The early transform coders were based on i.i.d models of transform coefficients and bit allocation was performed in proportion to their importance as defined by the variance of their distributions [4, 5, 8]. In [4], all of the quantizers are described by the same exponential quantizer function (QF). The method may result in negative bit rates, which may be corrected using an iterative procedure. In [5], the QF is the same for all of the quantizers and is strictly convex, although it is not assumed to be exponential. In addition, a constraint on the nonnegativity of bit rates is imposed. Both methods are described by closed-form solutions. More general approaches have been suggested in [6, 7] with an optimal bit allocation strategy found for an arbitrary set of quantizers and integer bit allocation constraint, but the solutions are not closed-form.

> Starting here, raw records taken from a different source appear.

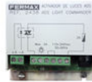
F02438 VDS LIGHT/BUZZER ACTIVATOR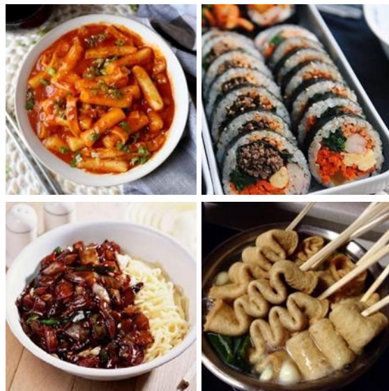
Figure 4. Korean Street Food

are many restaurants and small shops that sell specialties from South Korea.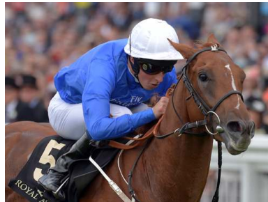
Buratino | Racing Post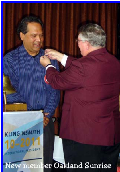
New member Oakland Sunrise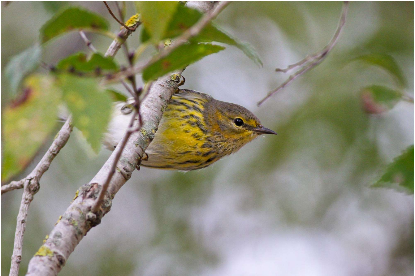
Cape May Warbler

As the sun gets higher, we will head to Cape May Point, the prime vantage point for observing the passage of southbound raptors. Here, land abruptly ends where the Atlantic Ocean meets Delaware Bay. Birds making their way south along the coast arrive at the Point and must decide whether or not to strike out over open water. A few, particularly Peregrine Falcon, Northern Harrier, and Bald Eagle, continue unhesitatingly, but many “stack up” over Cape May and size up the situation more carefully. As a result, one can often see hundreds, sometimes thousands, of hawks in a single day. Raptor diversity is also excellent in late September and, with luck, we could see the peak movement of Merlin and Peregrine.

The performance of these coders was later improved by more accurate modeling of coefficients. One approach simply assumes that the vector source may come from a finite set of several possible processes with different distributions [1019]. The coder decides to which distribution the coefficients belong using a classification process and encodes them properly. The classification process may include additional transformations [1014] and may be optimized for signals of interest, not just typical ones. The classification approach in [10] improves the compression ratio twice at a fixed distortion, while up to 2 dB improvement in reconstruction quality is reported for another approach [13].

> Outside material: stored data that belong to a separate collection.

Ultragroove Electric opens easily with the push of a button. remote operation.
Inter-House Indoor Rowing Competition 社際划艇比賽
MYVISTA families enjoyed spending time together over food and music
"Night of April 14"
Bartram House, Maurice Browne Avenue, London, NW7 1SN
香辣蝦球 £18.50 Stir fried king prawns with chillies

Practical still image compression techniques [13] rely on simple quantizers, but finely allocate bit resources adaptively for each transformed image fragment in an “input-by-input" manner [9], as opposed to a classification approach described above. Each image fragment is coded in a deterministic way with coder parameters optimized for that particular input and not for the ensemble of inputs. Input-by-input or the realization-adaptive approach is not well explained by classical rate distortion theory as many practical encoders operate in the low bit rate or high distortion region.

Eventhough the realization adaptive approach is in general superior for still image compression, the extensions of classical bit-allocation and classification techniques have been successfully applied in various applications [1520].

In this paper, bit allocation technique is presented for classification-based methods. In Section 2, we systematize the presentation of our results in [13, 14] which were later rederived in [17, 18] in another context. Then in Section 3 we extend this solution by imposing the nonnegativity constraint on bit rates for low rate coding and estimate the rate-distortion boundary for the classification approach (Section 3).

2. Bit Allocation for Classification-Based Method

Subsequently in the paper, we operate on blocks (vectors) of data to be quantized. Our purpose here is to present results for transform coders where quantization is applied to the transformed coefficients. However, the method could be applied to other vector sources as well.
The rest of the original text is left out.